Along the same lines as knowing your toolset, security teams have to understand what’s normal and what’s acceptable in the organization’s environment. For some companies, seeing a high amount of traffic from China or Russia in the middle of the night U.S. time would signal a red flag. For others which conduct legitimate business and/or have partners or employees in those regions, seeing one hundred connections at 2:00 AM ET is no big thing. Remember the case of the hacked Illinois water pump facility? This was a prime example of an organization jumping to conclusions without properly investigating an event or having additional data on hand to support or disprove the incident.
Baselines are about standard operating procedures, establishing usual or “normal” activity, and identifying when behavior becomes anomalous.

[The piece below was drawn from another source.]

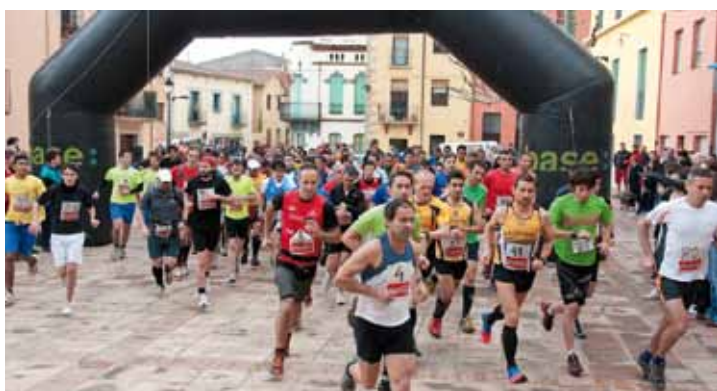
Sortida de la Cursa de La Suada

Applying an industry standard or other type of framework to your environment won’t accomplish the task of proper baselining. The only way to have a baseline—and thus understand when an action is suspicious—is to internally develop baselines then check and re-check them from time to time as situations and authorized parties fluctuate.
A frequent complaint from security pros is the lack of context included in alerts or threat data. Because the typical organization produces hundreds or thousands of alerts every day, checking into each one is impossible, but the desire to be diligent leads security/ops staff to feel overwhelmed. Alternatively, after chasing down a high number of red herrings based solely on a “severe” or “critical” categorization, security pros may become desensitized to alert ratings, leading them to ignore or put off investigation.
Alerts are just one piece of the security puzzle. Security teams need to enrich data with external sources (e.g., OSINT or HUMINT) and internal telemetry from other network detection tools. This information will color in the spaces where context is missing and allow security analysts to take the most appropriate actions and provide the best recommendations to the organization.
Orchestration and automation is a big piece of the contextualization puzzle, as having a “single pane of glass” helps analysts reduce the signal-to-noise ratio by applying (some) enrichment before an alert is triggered, and consolidating workflow.
It’s unlikely that security teams are going to see fewer alerts over time since the amount of data organizations collect continues to grow, as cybersecurity is slowly becoming a top-line business risk, and as the threat landscape multiplies, seemingly day by day. Because very few organizations will be able to staff the SOC with hundreds of analysts, managing alerts requires a streamlined and strategic approach. Haphazardly responding to every “high” level alert is not tenable. However, orchestrating disparate tools and automating alert triage, learning your trustworthy sources, baselining network and authorized user behavior, and enriching alerts with contextual information will allow security and ops teams to handle critical alerts more seamlessly.